▶ _What you should do_: Only the stretch below from the line holding "veste fleurie matelassée, deux" through the line holding "Model SALU to" should be restated, word for word and with both ends included; pictures stay out.

▶ _Input_:
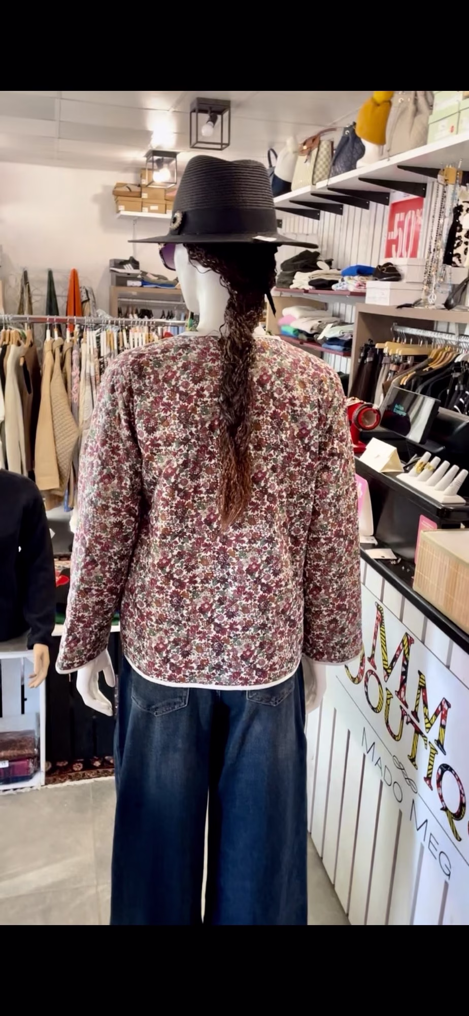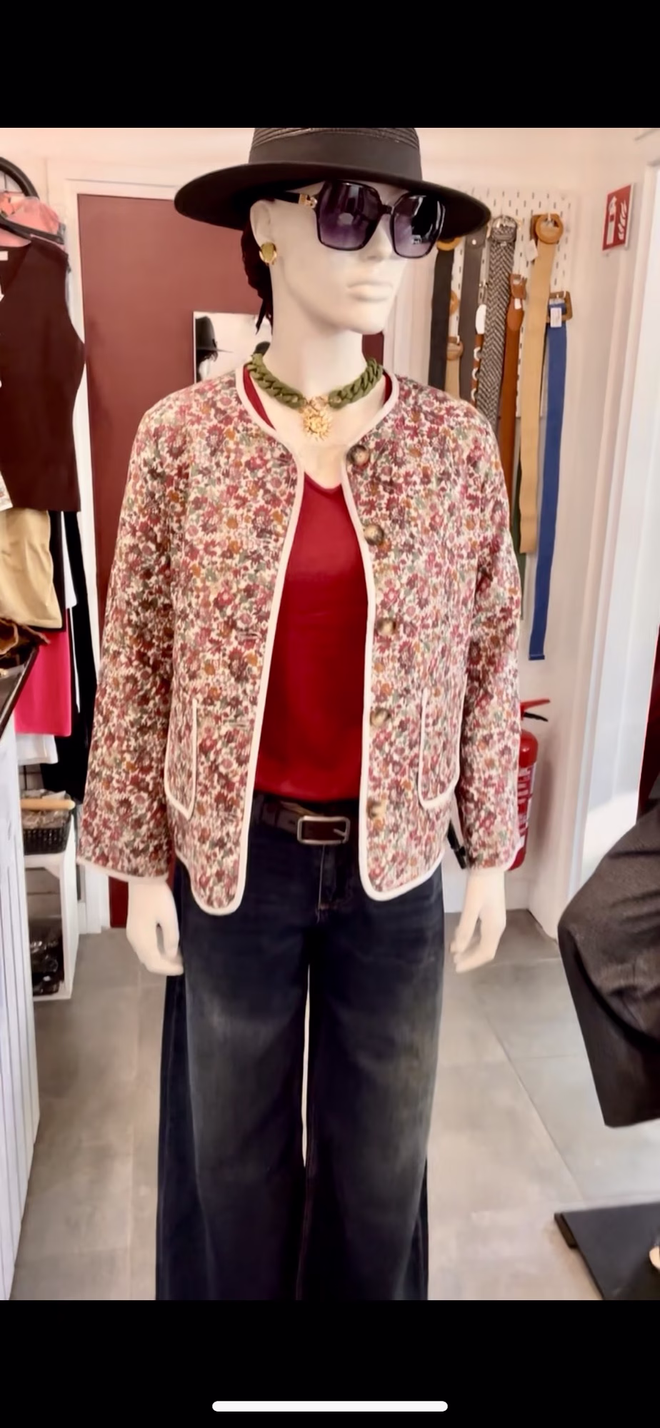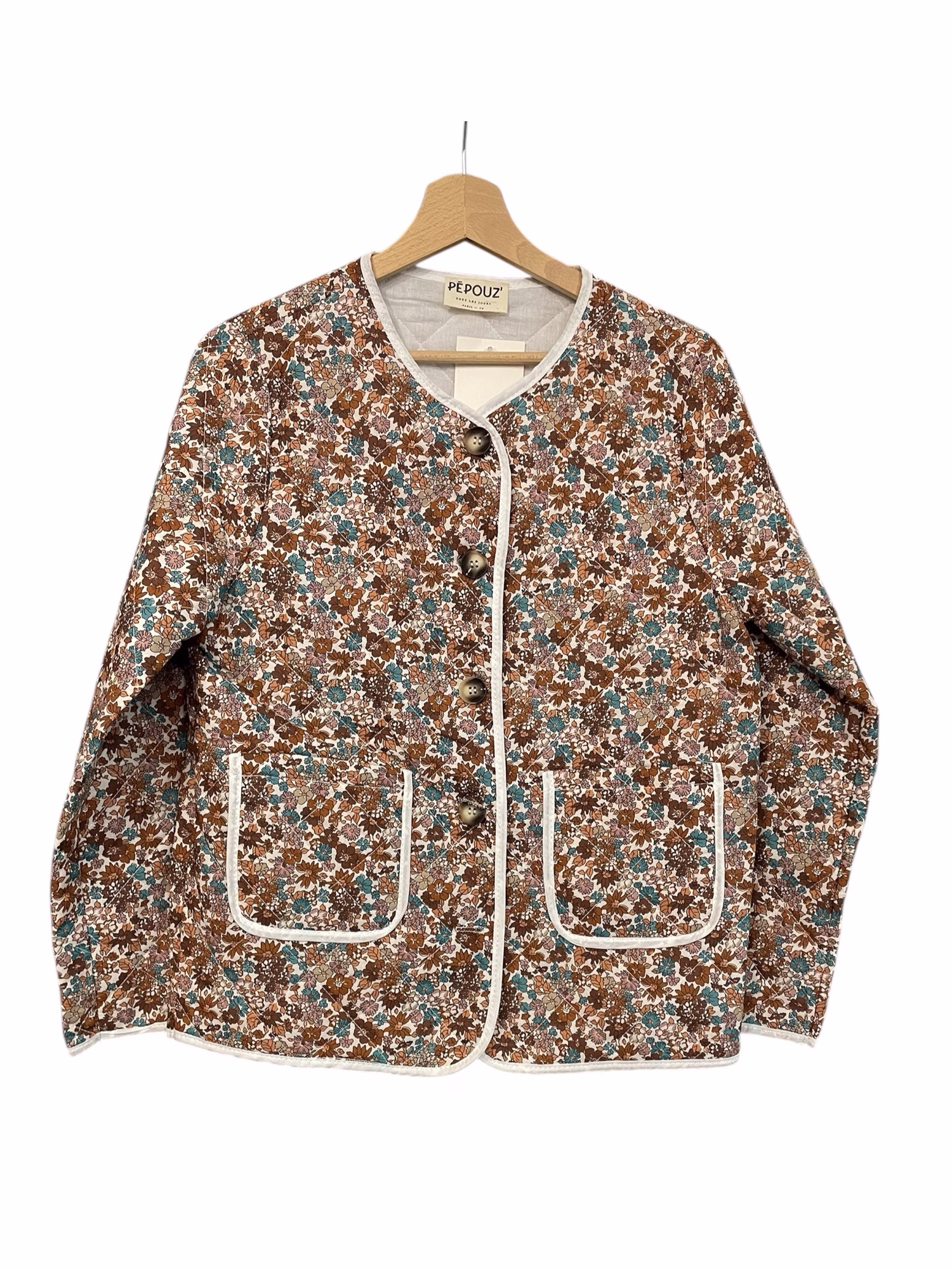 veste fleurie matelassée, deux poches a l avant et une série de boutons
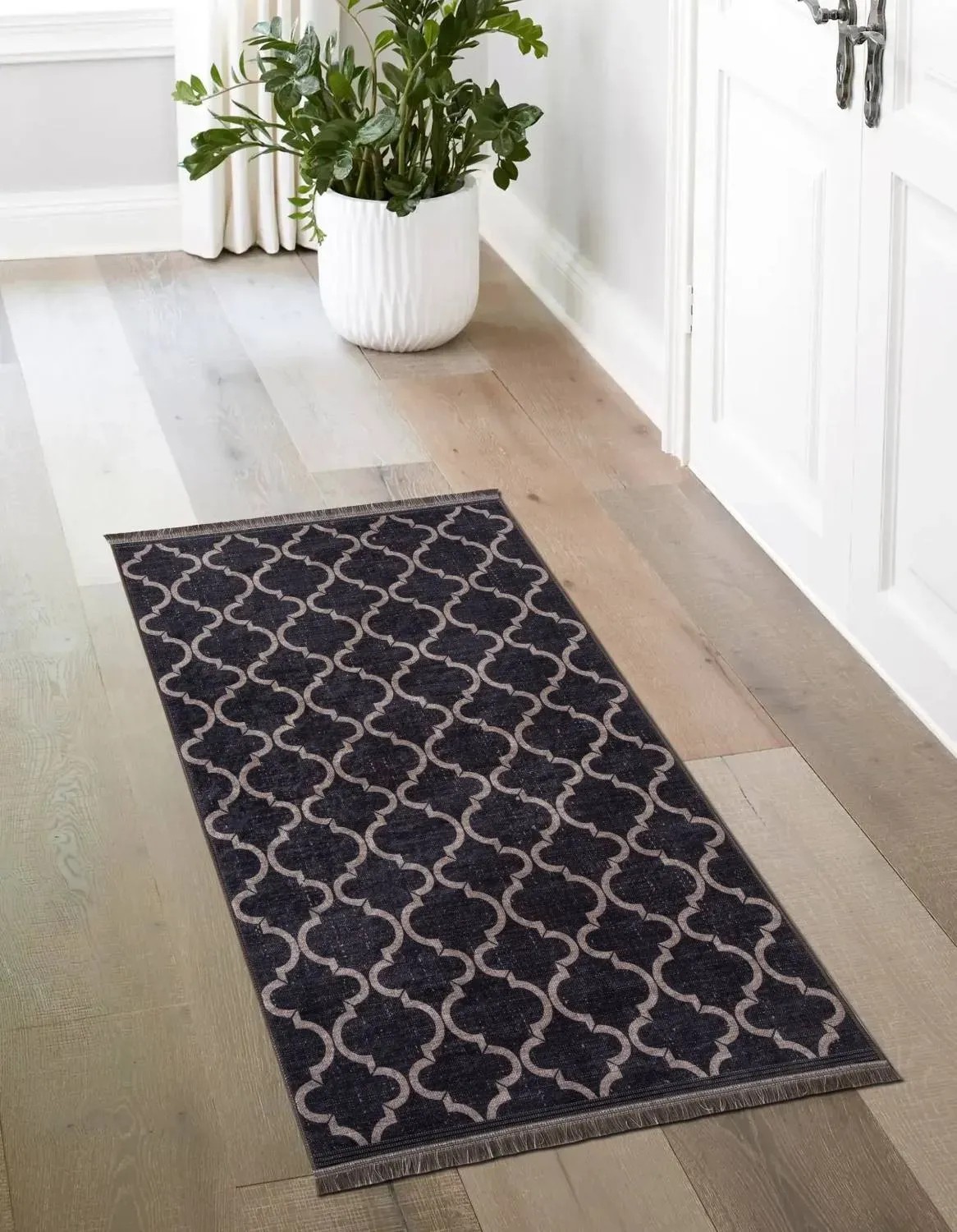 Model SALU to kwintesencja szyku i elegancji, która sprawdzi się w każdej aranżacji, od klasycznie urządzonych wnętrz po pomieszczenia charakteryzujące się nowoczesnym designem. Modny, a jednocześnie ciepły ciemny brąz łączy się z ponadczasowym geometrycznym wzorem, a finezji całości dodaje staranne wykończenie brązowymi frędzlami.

==

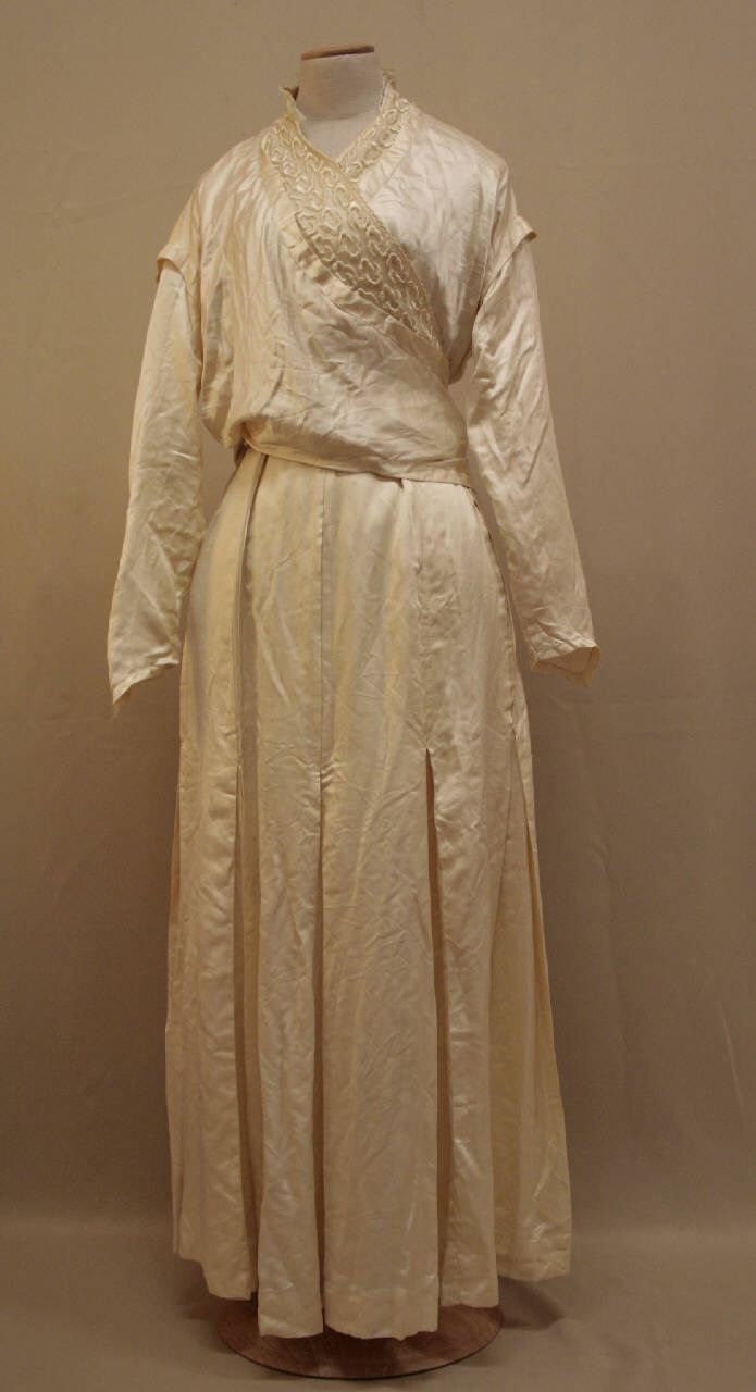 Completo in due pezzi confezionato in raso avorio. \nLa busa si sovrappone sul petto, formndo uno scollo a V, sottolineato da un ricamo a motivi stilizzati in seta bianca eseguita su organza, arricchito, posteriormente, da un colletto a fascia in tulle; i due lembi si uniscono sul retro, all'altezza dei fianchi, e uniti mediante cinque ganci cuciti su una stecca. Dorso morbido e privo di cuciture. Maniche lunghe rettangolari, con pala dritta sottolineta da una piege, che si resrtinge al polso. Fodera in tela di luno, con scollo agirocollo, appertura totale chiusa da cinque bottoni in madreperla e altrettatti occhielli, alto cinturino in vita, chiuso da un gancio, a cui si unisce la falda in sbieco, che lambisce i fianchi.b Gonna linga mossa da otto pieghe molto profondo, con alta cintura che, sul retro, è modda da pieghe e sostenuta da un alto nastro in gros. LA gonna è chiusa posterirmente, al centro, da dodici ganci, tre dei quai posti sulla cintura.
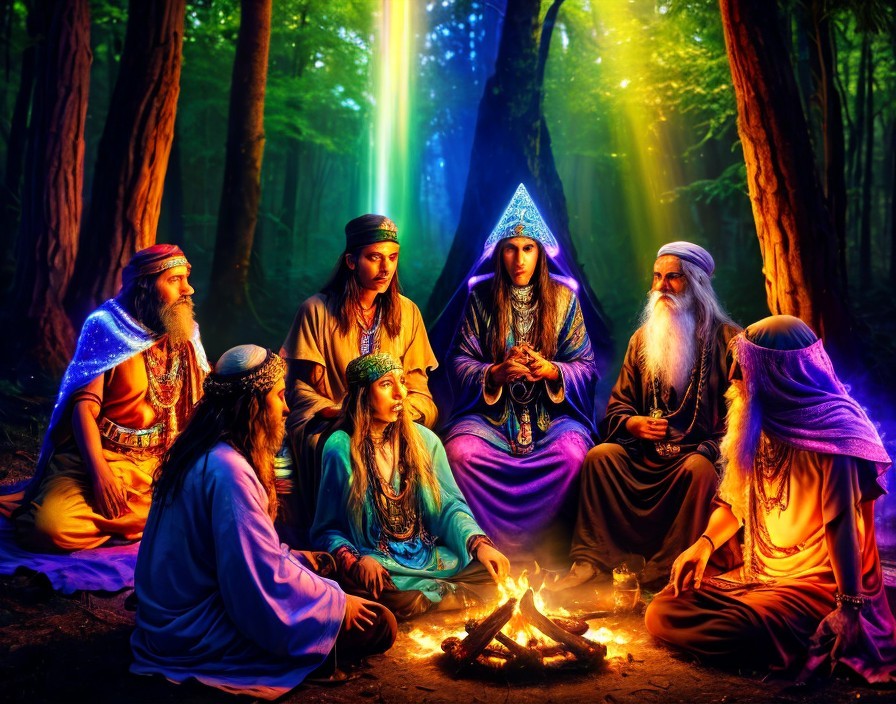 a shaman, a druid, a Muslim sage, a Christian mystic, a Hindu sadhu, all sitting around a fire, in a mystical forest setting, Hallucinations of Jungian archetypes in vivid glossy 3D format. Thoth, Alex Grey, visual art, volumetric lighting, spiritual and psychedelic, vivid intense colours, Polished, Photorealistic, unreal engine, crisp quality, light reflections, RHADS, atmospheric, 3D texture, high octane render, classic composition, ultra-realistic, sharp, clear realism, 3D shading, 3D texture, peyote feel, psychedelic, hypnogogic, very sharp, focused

* * *

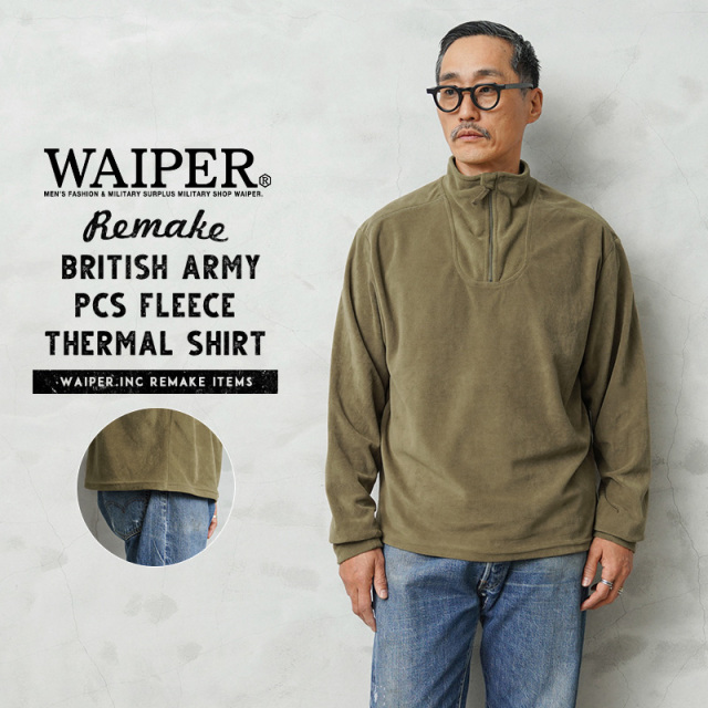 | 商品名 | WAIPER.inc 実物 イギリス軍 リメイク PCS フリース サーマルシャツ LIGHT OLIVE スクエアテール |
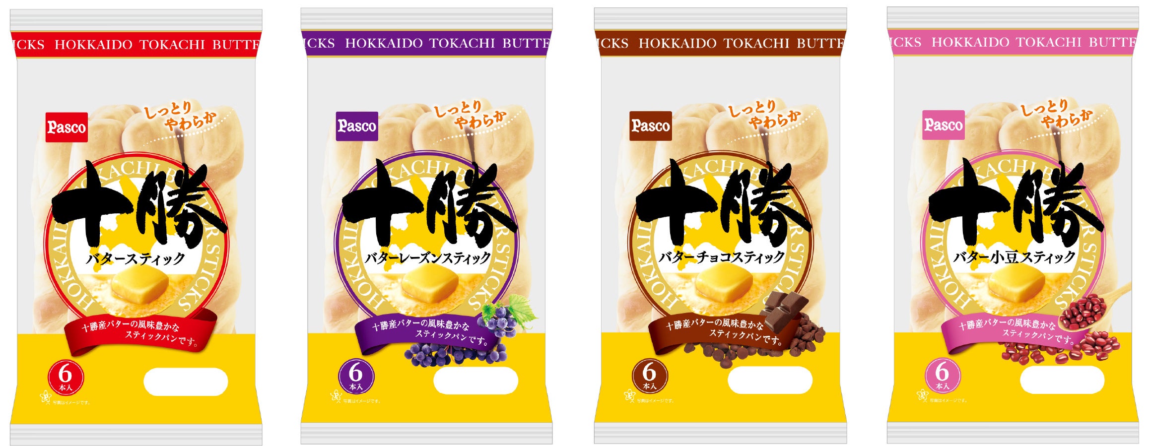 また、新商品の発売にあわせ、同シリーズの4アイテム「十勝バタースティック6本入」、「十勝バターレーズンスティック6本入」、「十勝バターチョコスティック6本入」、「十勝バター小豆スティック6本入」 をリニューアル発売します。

▶ _Answer_:
 veste fleurie matelassée, deux poches a l avant et une série de boutons
 Model SALU to kwintesencja szyku i elegancji, która sprawdzi się w każdej aranżacji, od klasycznie urządzonych wnętrz po pomieszczenia charakteryzujące się nowoczesnym designem. Modny, a jednocześnie ciepły ciemny brąz łączy się z ponadczasowym geometrycznym wzorem, a finezji całości dodaje staranne wykończenie brązowymi frędzlami.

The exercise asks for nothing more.